Для профессионального военного ценность «новообращенного», наверное, заключалась в другом. Турция два с половиной века находилась в состоянии перманентной войны на востоке, на западе и на юге, а вот на её северных рубежах было более-менее спокойно. Дикое Поле выполняло роль буферной зоны между османами и славянскими государствами. Многим из султанского окружения казалось, что северные соседи не настолько сильны да к тому же и трусоваты, чтобы оспаривать зону влияния Империи.

Однако, в начале XVII века польская колонизация Подолья и Приднепровья стала ощутимо влиять на северные пашалыки и прежде всего на Крымское ханство. Удачных набегов за ясырем становилось всё меньше, зато участились козацкие грабежи на черноморских берегах. Бекташ-аге было ясно, что в ближайшем будущем, столкновений с проснувшимися соседями не избежать. Чтобы быть во всеоружии, янычар стремился побольше узнать о противнике.

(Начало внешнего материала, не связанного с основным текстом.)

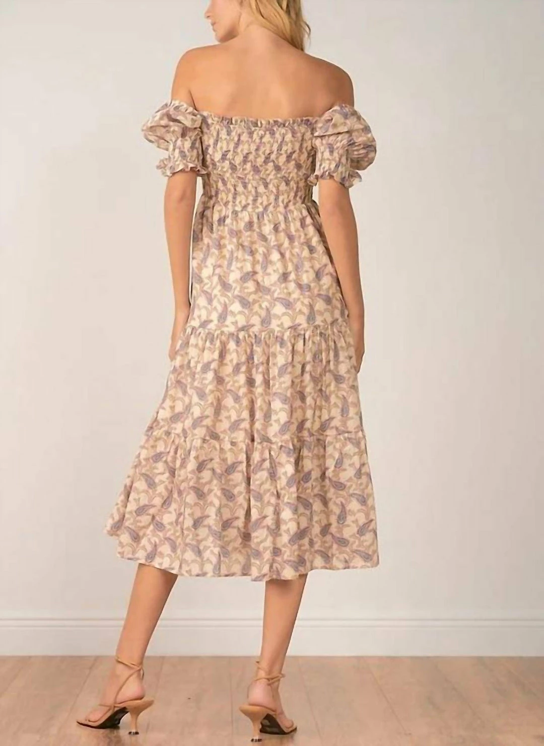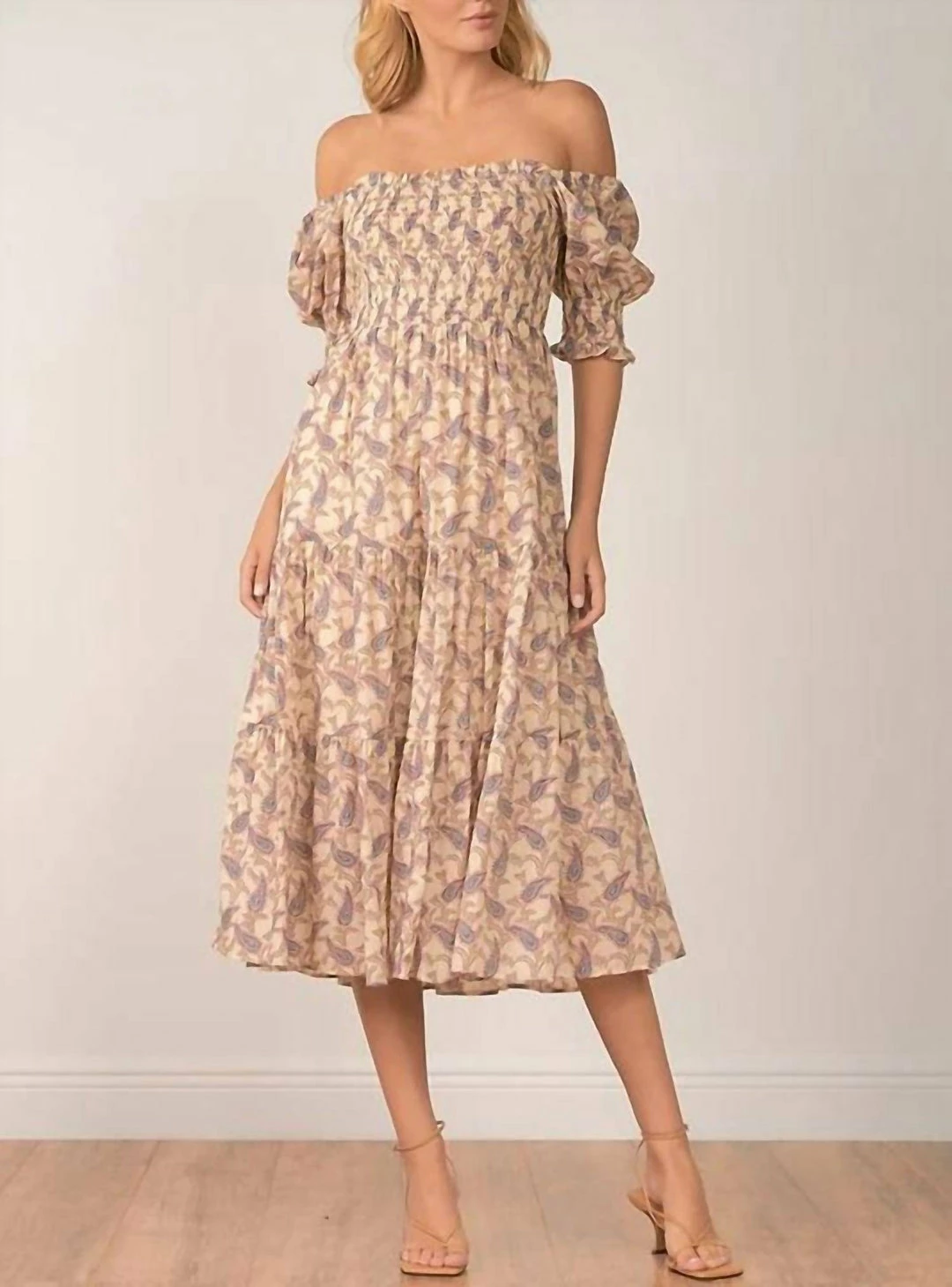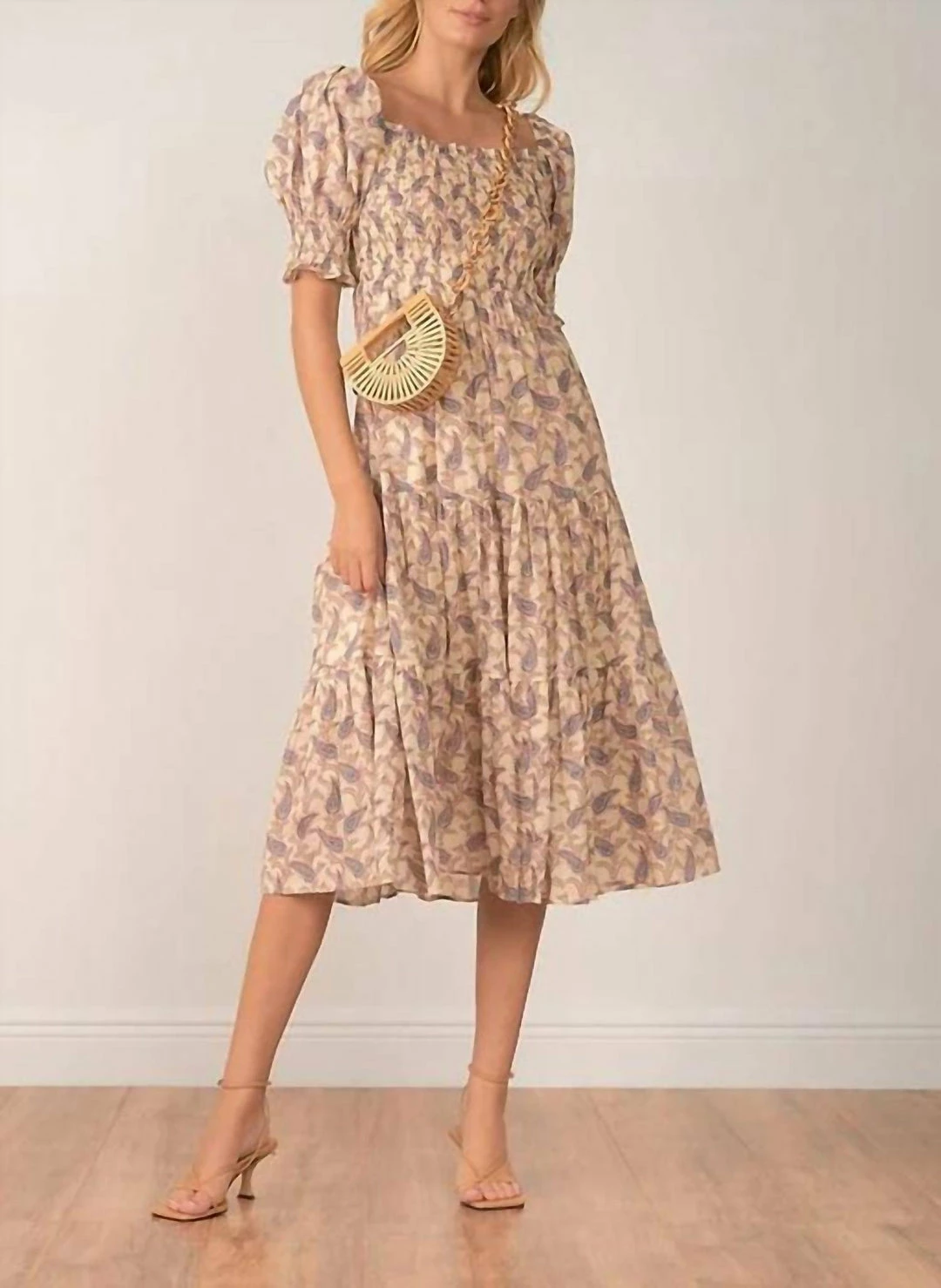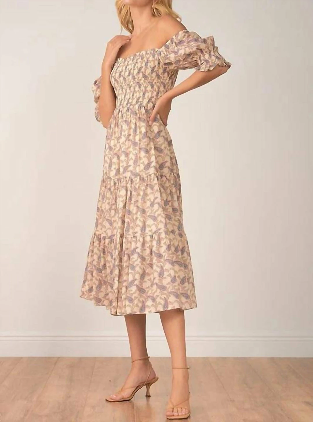 Elan women PUFF SLEEVE PAISLEY MAXI DRESS in Natural

Богдан Хмельницкий очень подходил на роль информатора. С одной стороны, – он шляхтич, а с другой – козак. А поскольку этот человек был ещё и носителем православной и католической культур, то общение с ним давало важные знания для планирования османской политики.

Насколько оправдались ожидания Бекташ-аги? Судя по тому, что молодой козак в плену долго не задержался, то – полностью.

Обычно, заботу о шляхтичах, попавших в полон, брало на себя королевство, но про Богдана будто забыли. В польских выкупных списках, на возвращение домой, он не значился. Его мать хлопотала, но необходимых денег собрать не могла. И вдруг, в один прекрасный момент, «пропавшего без вести» героя находят и освобождают. Кто-то дал ход делу и, наверняка, это был янычарский командир.

Турок понимал, что Хмельницкий ему рассказал всё о чём знал. О нём можно было либо забыть, либо пробудить в его душе чувство благодарности и неоплаченного долга. Поэтому, решение вернуть русскому рабу свободу носило двойственный характер: с одной стороны, это был благородный жест, а с другой расчёт на его память, которая не позволит злом ответить на добро.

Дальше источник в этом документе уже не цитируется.